Tentazione Nutanix per Google

Alphabet, la società madre di Google, negli ultimi anni ha concentrato i suoi sforzi sulla crescita delle offerte di servizi cloud. In questo articolo pubblicato su Forbes il team di analisi di Trefis scrive che la società dovrebbe esplorare l’opportunità di un’acquisizione strategica per consolidare la propria posizione. Secondo Trefis, una preda appetibile è Nutanix.  Perché? La chiave per rispondere è il cloud ibrido. Intanto Trefis stima che la valutazione di Google sia di 1.286 dollari per azione, circa il 10% in più rispetto all’attuale prezzo di mercato.  Gli esperti poi ricordano che la maggior parte dei big del cloud pubblico ha stabilito relazioni dedicate con i principali fornitori di cloud ibrido (con una forte presenza locale) o le ha acquisite.

Amazon e Microsoft hanno preferito stringere accordi con VMware rispettivamente per AWS e Azure.  IBM aveva acquisito Red Hat per promuovere il cloud IBM. Microsoft ha inoltre rapporti con IBM e Red Hat per Azure. Anche Microsoft e Oracle hanno recentemente collaborato per rendere i loro cloud interoperabili: Oracle ha una grande presenza locale per i suoi carichi di lavoro del database. Google ha invece rilasciato la propria piattaforma di cloud ibrido (chiamata Anthos) ad aprile, ma l’azienda ha bisogno di un attore affermato nel mercato dei data center per raggiungere i cloud privati

Sebbene i vertici di Google non diffondano numeri sui suoi servizi cloud, la società ha sottolineato che il cloud fa la pare del leone nei suoi investimenti e ha anche assunto un nuovo CEO per questo business (l’ex dirigente Oracle, Thomas Kurian). Per questo Trefis pensa che Nutanix potrebbe adattarsi bene alla strategia del cloud ibrid  di Google: è leader nella cosiddetta hyper converged infrastructure .

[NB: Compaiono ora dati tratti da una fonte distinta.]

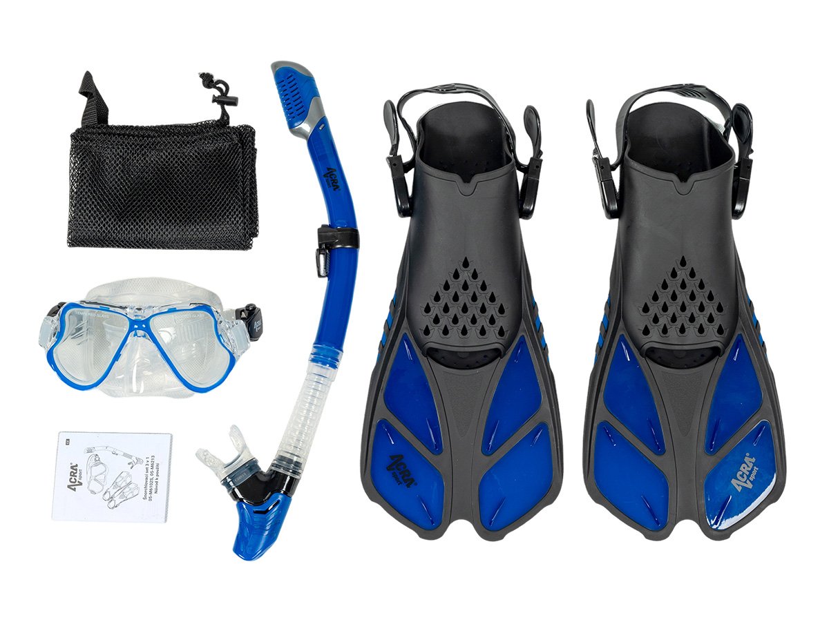 Sada na šnorchlovanie Acra Sport s nastaviteľnými plutvami, maska z tvrdeného skla s dvoma priezormi, silikónový šnorchel Dry Top a cestovná taška na vybavenie. Súprava šnorchlov Acra je dokonalým spoločníkom na cesty a je vhodná na šnorchlovanie, plávanie, potápanie a mnoho ďalšieho.
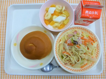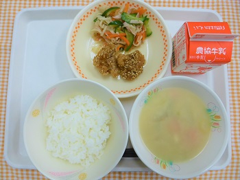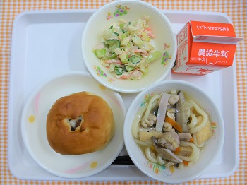 今日の給食は、みかん、かぼちゃ(なんきん)、だいこん、にんじん、こんにゃく、こんぶ、いんげん、などの「ん」が付く食材を、たくさん使用しました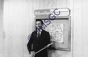 | Accession Number:2001-51.572 Accession Date: Condition:good Location:Ward, box 8, folder 22 Keywords:Ward, Chancellor, KTTS, television, radio, men, Magnavox, records, sword Area of Origin:Springfield, MO Period:ca. 1965 Category:documentary artifact Object:print, photographic Maker:uk Description/History:A black and white photo of a man standing in front of a regional map labled: The Record Shop's Magnavox Home Entertainment Center. He holds a sword in his hands. News-Leader Photo Information: |
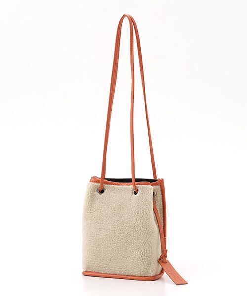 大注目の小さいポシェット。発色の美しい柔らかな牛革と、もこもこのボアが組み合わされています。スマホと少しの小物くらいが入る大きさで、中にポケットが1ケついています。コーディネートのアクセントとしてお使いいただきたいアイテムです。

Di questa operazione potrebbe beneficiare anche Nutanix che ha assistito a un rallentamento dei ricavi a causa di problemi relativi alla forza vendita e alla transizione verso un modello di abbonamento. Sebbene i risultati più recenti della società abbiano battuto le stime, il management ha ammesso che c’è più spazio per il miglioramento.

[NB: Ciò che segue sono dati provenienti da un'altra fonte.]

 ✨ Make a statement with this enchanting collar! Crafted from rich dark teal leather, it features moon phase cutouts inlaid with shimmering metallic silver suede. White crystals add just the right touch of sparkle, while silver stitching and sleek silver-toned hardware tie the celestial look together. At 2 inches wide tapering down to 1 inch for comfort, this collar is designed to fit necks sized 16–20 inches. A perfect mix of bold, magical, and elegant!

Prima che Thomas Kurian venisse coinvolto, era noto che il business del cloud di Google avesse difficoltà a vendere alle aziende nonostante la tecnologia superiore dell’azienda. Nutanix potrebbe anche potenzialmente trarre vantaggio dall’assimilazione delle capacità tecnologiche del colosso Usa. L’impatto dell’accresciuta tecnologia ibrida e dell’esperienza del personale addetto alle vendite potrebbe infatti portare a un miglioramento delle vendite per le vendite combinate di cloud per le due società.

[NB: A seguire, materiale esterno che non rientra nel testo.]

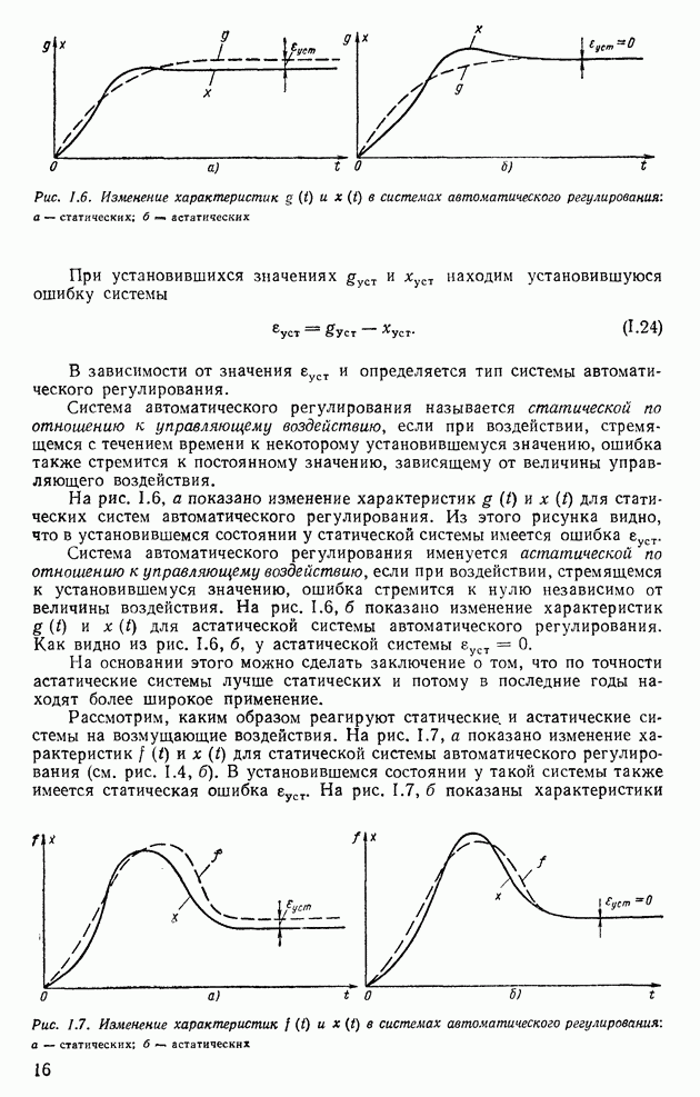 Система автоматического регулирования именуется астатической по отношению к управляющему воздействию, если при воздействии, стремящемся к установившемуся значению, ошибка стремится к нулю независимо от величины воздействия. На рис. 1.6, б показано изменение характеристик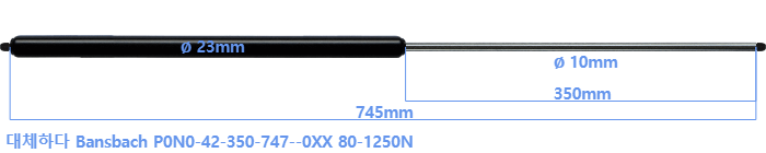 대체 가스스프링의 튜브의 지름은 22mm 대신 23mm 입니다.

Con una sinergia dei ricavi del 15% sui ricavi combinati, stimano gli analisti di Trefis, la nuova società post acquisizione potrebbe vedere una sinergia dei ricavi di 3 miliardi di dollari. Considerando il valore intrinseco di Nutanix a 6,3 miliardi e 3 miliardi da sinergie, il potenziale prezzo di acquisizione per Google arriverebbe a 9,3 miliardi di dollari, quasi il doppio dell’attuale capitalizzazione di mercato.